• _Exercise materials_
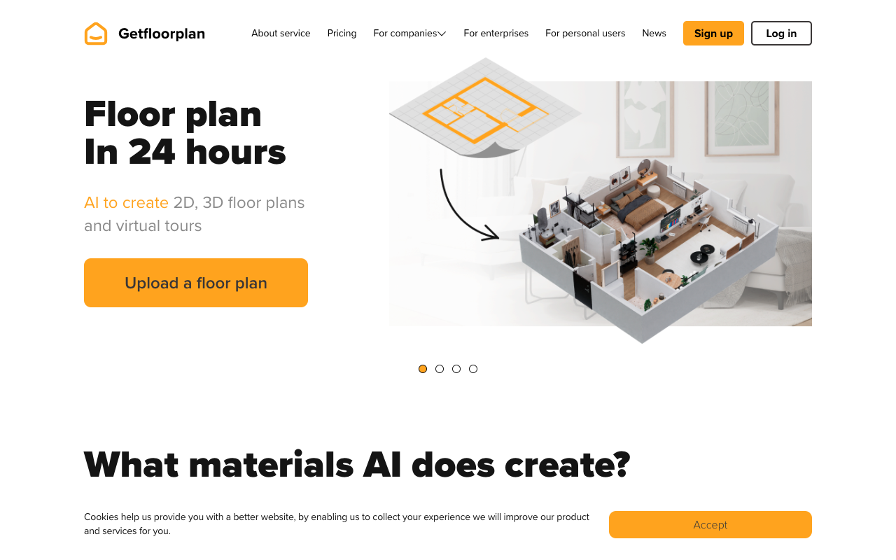 GetFloorPlan.com 是一个用人工智能帮你画图的网站。如果你手头只有一张潦草的草图、一张照片,或者一份老旧的平面图,它就能自动识别房间布局,给你变出专业的2D和3D效果图,甚至生成可以“走进去”看的360度虚拟游览。这活儿以前得找设计师花不少钱,现在让AI来干,快多了。
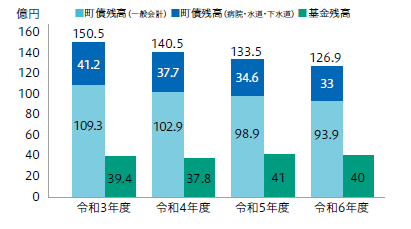 一般会計の町債残高は、繰上償還の実施や町債発行額の減少により、令和5年度から4億9千9百万円減少しました。令和5年度に続き町債残高が100億円を下回りましたが、依然として厳しい状況が続いています。一般会計でみると、本町は同じ規模の団体(類似団体)と比較して、町民一人当たりの町債残高が約1.5倍あり、今後も計画的な事業執行、繰上償還が必要だと考えています。病院・水道・下水道会計の町債残高は1億6千2百万円減少しています。
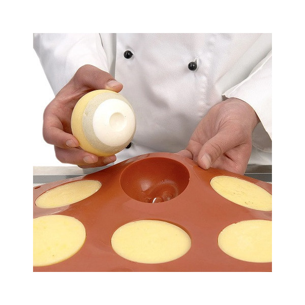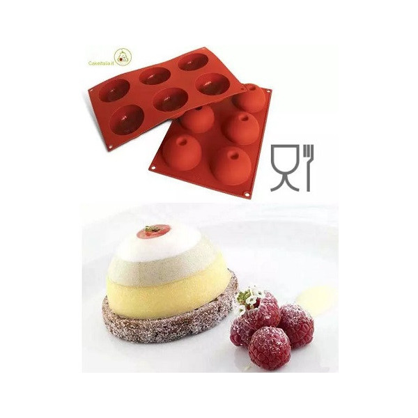 Stampo semisfera in silicone flessibile e antiaderente realizzato in 100 % silicone liquido da Silikomart. Può essere messo direttamente dal forno al frigorifero e viceversa.
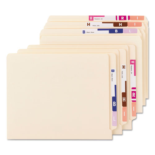 Self-adhesive labels center-creased to wrap around folder tabs. Includes dispenser box with printed dividers. Name Labels, First Letter and Combination Packages—Each label is printed for two alphabetic characters; simply strip away the letter not wanted. Type full surname or company name on label next to letter. Shape: Rectangular; Label Size - text: 1.16 x 3.13; Label Color(s): Assorted; Color Family: Multicolor.
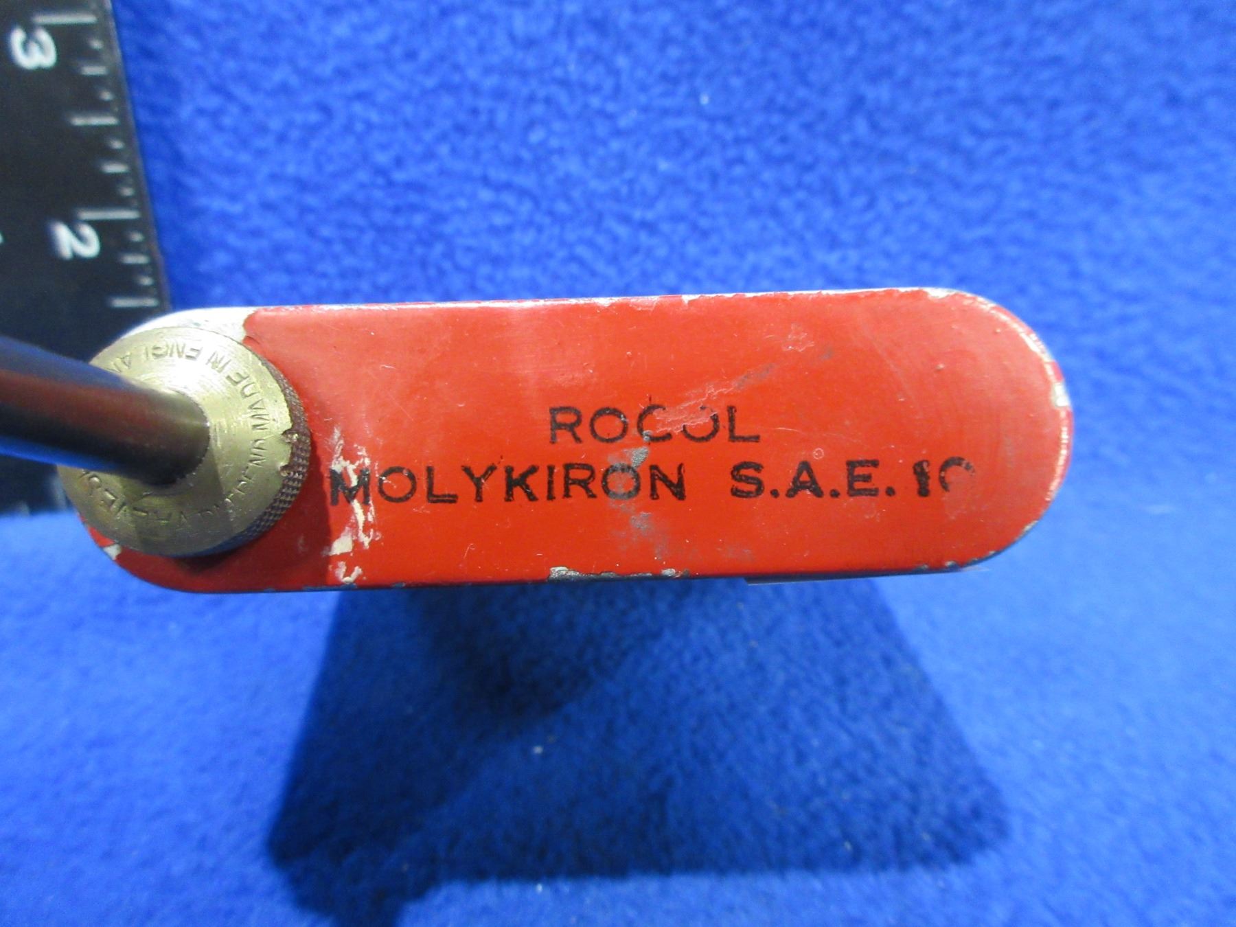 Lot 258 Vintage Valve Spout Oil Can Marked "Rocol Molykiron SAE 10"
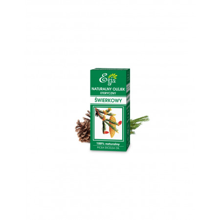 Naturalny olejek świerkowy otrzymywany z młodych pędów świerku pospolitego. Działa pobudzająco i odświeżająco na zmęczony umysł. Usuwa objawy zmęczenia, wyczerpania nerwowego i nerwobóle. Może ograniczyć nadmiernie wydzielanie potu i pobudzić krążenie. Dzięki właściwościom rozgrzewającym może łagodzić objawy reumatyzmu i artretyzmu.
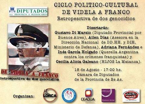 El diputado provincial por el Frente para la Victoria, Gustavo Di Marzio, la asesora en la Dirección Nacional de DDHH, Ailen Díaz; los miembros de la querella Argentina contra los crímenes Franquistas, Adriana Fernández e Inés Holgado y Cecilia Alicia Galeano, de HIJOS La Matanza, abrirán el ciclo Político y Cultural "De Videla a Franco" que se llevará a cabo en el anexo de la Cámara de Diputados de la Provincia, sito en calle 53 entre 8 y 9.
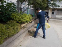 掃除場所に移動したら、班ごとにリーダーの説明を聞き、約2時間の掃除が始まります。
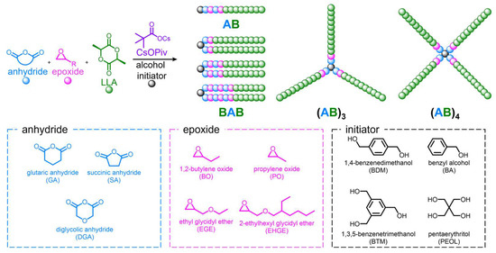 L-Lactide (LLA; >98.0%, Tokyo Kasei Kogyo Co., Ltd. (TCI), Tokyo, Japan) was purified by recrystallizing it from dry toluene twice. 1,2-Butylene oxide (BO; >99.0%, TCI), 2-ethylhexyl glycidyl ether (EHGE; >98.0%, TCI), and ethyl glycidyl ether (EGE; >98.0%, TCI) were distilled over CaH2 under reduced pressure and stored under argon atmosphere. Propylene oxide (PO; >99.0%, TCI) was distilled over CaH2 and stored under argon atmosphere. Succinic anhydride (SA; >95.0%, TCI), diglycolic anhydride (DGA; >98.0%, TCI), and glutaric anhydride (GA; >98.0%, TCI) were purified by sublimation under reduced pressure. Cesium pivalate (CsOPiv; >97.0%, TCI) was dried by heating at 100 °C under high vacuum for at least 72 h before use. Benzyl alcohol (BA; >99.0%, TCI), 1,4-benzenedimethanol (BDM; >99.0%, TCI), 1,3,5-benzenetrimethanol (BTM; >95.0%, TCI), and pentaerythritol (PEOL; >98.0%, TCI) were used as received.
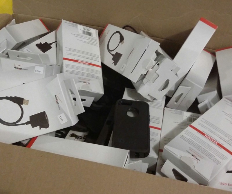 Description: Lot consisting of miscellaneous items including - computer monitor stands, computer speakers, usb cable extensions, Otter box phone cases, and other.
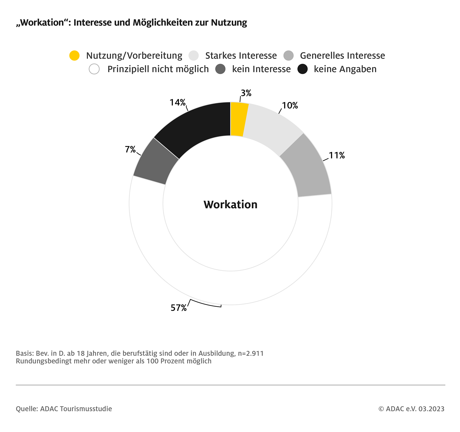 Workation: diese Verbindung aus Urlaub und Arbeit ist noch wenig bekannt. Aber immerhin bei zwei Drittel derer, die diese Möglichkeit nutzen könnten, ist das Interesse groß.
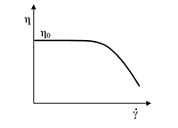 實際上大多數(shù)液體不符合牛頓定律,如高分子溶液、膠體溶液、乳劑、混懸劑、軟膏以及固-液的不均勻體系的流動均不遵循牛頓定律,因此稱之為非牛頓流體(non-Newtonian fluid),此種物質(zhì)的流動現(xiàn)象稱為非牛頓流動(non-Newtonian flow)。對于非牛頓流體可以用旋轉(zhuǎn)粘度計測定其粘度,對其剪切應(yīng)力 τ 隨剪切速率的變化作圖可得,如圖 3 和圖 4 中所示的流動曲線(flow curve)或粘度曲線(viscosity curve)。根據(jù)非牛頓流體流動曲線的類型把非牛頓流動分為塑性流動、假塑性流動和脹性流動三種。
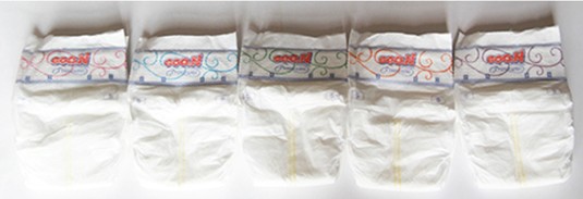 1、將尿布平放在評估板上,并觀察產品材料。

• _What is needed_
Omit the pictures and print the listing exactly.

• _Exercise output_
 GetFloorPlan.com 是一个用人工智能帮你画图的网站。如果你手头只有一张潦草的草图、一张照片,或者一份老旧的平面图,它就能自动识别房间布局,给你变出专业的2D和3D效果图,甚至生成可以“走进去”看的360度虚拟游览。这活儿以前得找设计师花不少钱,现在让AI来干,快多了。
 一般会計の町債残高は、繰上償還の実施や町債発行額の減少により、令和5年度から4億9千9百万円減少しました。令和5年度に続き町債残高が100億円を下回りましたが、依然として厳しい状況が続いています。一般会計でみると、本町は同じ規模の団体(類似団体)と比較して、町民一人当たりの町債残高が約1.5倍あり、今後も計画的な事業執行、繰上償還が必要だと考えています。病院・水道・下水道会計の町債残高は1億6千2百万円減少しています。
 Stampo semisfera in silicone flessibile e antiaderente realizzato in 100 % silicone liquido da Silikomart. Può essere messo direttamente dal forno al frigorifero e viceversa.
 Self-adhesive labels center-creased to wrap around folder tabs. Includes dispenser box with printed dividers. Name Labels, First Letter and Combination Packages—Each label is printed for two alphabetic characters; simply strip away the letter not wanted. Type full surname or company name on label next to letter. Shape: Rectangular; Label Size - text: 1.16 x 3.13; Label Color(s): Assorted; Color Family: Multicolor.
 Lot 258 Vintage Valve Spout Oil Can Marked "Rocol Molykiron SAE 10"
 Naturalny olejek świerkowy otrzymywany z młodych pędów świerku pospolitego. Działa pobudzająco i odświeżająco na zmęczony umysł. Usuwa objawy zmęczenia, wyczerpania nerwowego i nerwobóle. Może ograniczyć nadmiernie wydzielanie potu i pobudzić krążenie. Dzięki właściwościom rozgrzewającym może łagodzić objawy reumatyzmu i artretyzmu.
 El diputado provincial por el Frente para la Victoria, Gustavo Di Marzio, la asesora en la Dirección Nacional de DDHH, Ailen Díaz; los miembros de la querella Argentina contra los crímenes Franquistas, Adriana Fernández e Inés Holgado y Cecilia Alicia Galeano, de HIJOS La Matanza, abrirán el ciclo Político y Cultural "De Videla a Franco" que se llevará a cabo en el anexo de la Cámara de Diputados de la Provincia, sito en calle 53 entre 8 y 9.
 掃除場所に移動したら、班ごとにリーダーの説明を聞き、約2時間の掃除が始まります。
 L-Lactide (LLA; >98.0%, Tokyo Kasei Kogyo Co., Ltd. (TCI), Tokyo, Japan) was purified by recrystallizing it from dry toluene twice. 1,2-Butylene oxide (BO; >99.0%, TCI), 2-ethylhexyl glycidyl ether (EHGE; >98.0%, TCI), and ethyl glycidyl ether (EGE; >98.0%, TCI) were distilled over CaH2 under reduced pressure and stored under argon atmosphere. Propylene oxide (PO; >99.0%, TCI) was distilled over CaH2 and stored under argon atmosphere. Succinic anhydride (SA; >95.0%, TCI), diglycolic anhydride (DGA; >98.0%, TCI), and glutaric anhydride (GA; >98.0%, TCI) were purified by sublimation under reduced pressure. Cesium pivalate (CsOPiv; >97.0%, TCI) was dried by heating at 100 °C under high vacuum for at least 72 h before use. Benzyl alcohol (BA; >99.0%, TCI), 1,4-benzenedimethanol (BDM; >99.0%, TCI), 1,3,5-benzenetrimethanol (BTM; >95.0%, TCI), and pentaerythritol (PEOL; >98.0%, TCI) were used as received.
 Description: Lot consisting of miscellaneous items including - computer monitor stands, computer speakers, usb cable extensions, Otter box phone cases, and other.
 Workation: diese Verbindung aus Urlaub und Arbeit ist noch wenig bekannt. Aber immerhin bei zwei Drittel derer, die diese Möglichkeit nutzen könnten, ist das Interesse groß.
 實際上大多數(shù)液體不符合牛頓定律,如高分子溶液、膠體溶液、乳劑、混懸劑、軟膏以及固-液的不均勻體系的流動均不遵循牛頓定律,因此稱之為非牛頓流體(non-Newtonian fluid),此種物質(zhì)的流動現(xiàn)象稱為非牛頓流動(non-Newtonian flow)。對于非牛頓流體可以用旋轉(zhuǎn)粘度計測定其粘度,對其剪切應(yīng)力 τ 隨剪切速率的變化作圖可得,如圖 3 和圖 4 中所示的流動曲線(flow curve)或粘度曲線(viscosity curve)。根據(jù)非牛頓流體流動曲線的類型把非牛頓流動分為塑性流動、假塑性流動和脹性流動三種。
 1、將尿布平放在評估板上,并觀察產品材料。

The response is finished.